Run Multiple Models Concurrently

Multi-Tenancy

NuPIC Inference Server has the capability to simultaneously host and execute multiple heterogeneous models, thanks for the ability to run inferences on CPUs. This enables a single server instance to serve a variety of models, which can differ in their architecture, size, and computational requirements, without the need for dedicating separate resources to each model. We call this "model multi-tenancy".
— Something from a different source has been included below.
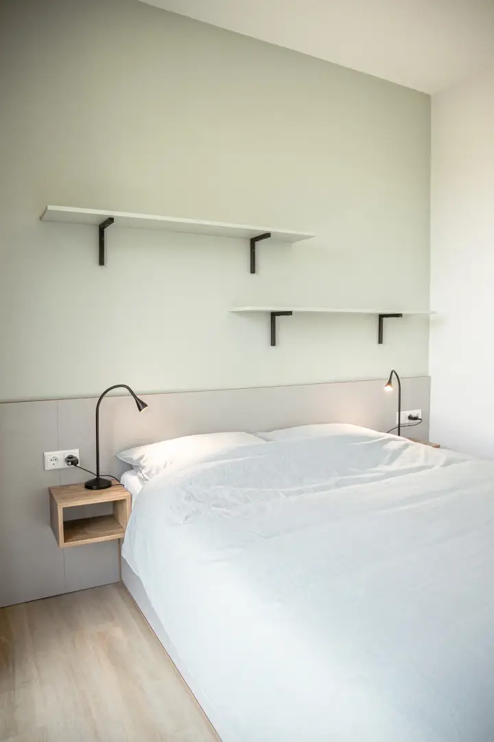 This stunning suite, located in Building E on the campus of NHL Stenden Hogeschool in Leeuwarden, offers a comfortable and fully furnished living space. The suite features an open-plan kitchen, a cozy living room, and a separate bedroom. The bedroom is equipped with a European king-size bed (160 cm wide by 200 cm long), complete with storage drawers underneath for extra space.
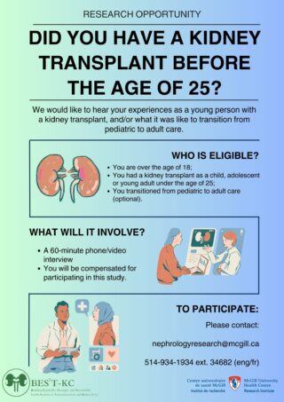 Patient engagement opportunity - Young adult kidney transplant recipients Researchers at McGill University are conducting a study to hear your experiences as a young person with a kidney transplant, and/or what it was like [...]

The advantages of model multi-tenancy are manifold. Firstly, it significantly enhances resource utilization by ensuring that the computational resources are efficiently used across all deployed models. This leads to cost savings, as it reduces the need for multiple dedicated servers. Secondly, it simplifies management and operational overhead since deploying, monitoring, and updating a multitude of models can be handled within a single infrastructure. Lastly, it increases flexibility and scalability, allowing for the easy addition or removal of models based on changing requirements or demand.

NuPIC's users get model multi-tenancy out of box without any additional work. Users can configure the number of concurrently running instances for each model by adjusting instance_group.count property in the configuration file. Different models can be loaded and executed on CPUs.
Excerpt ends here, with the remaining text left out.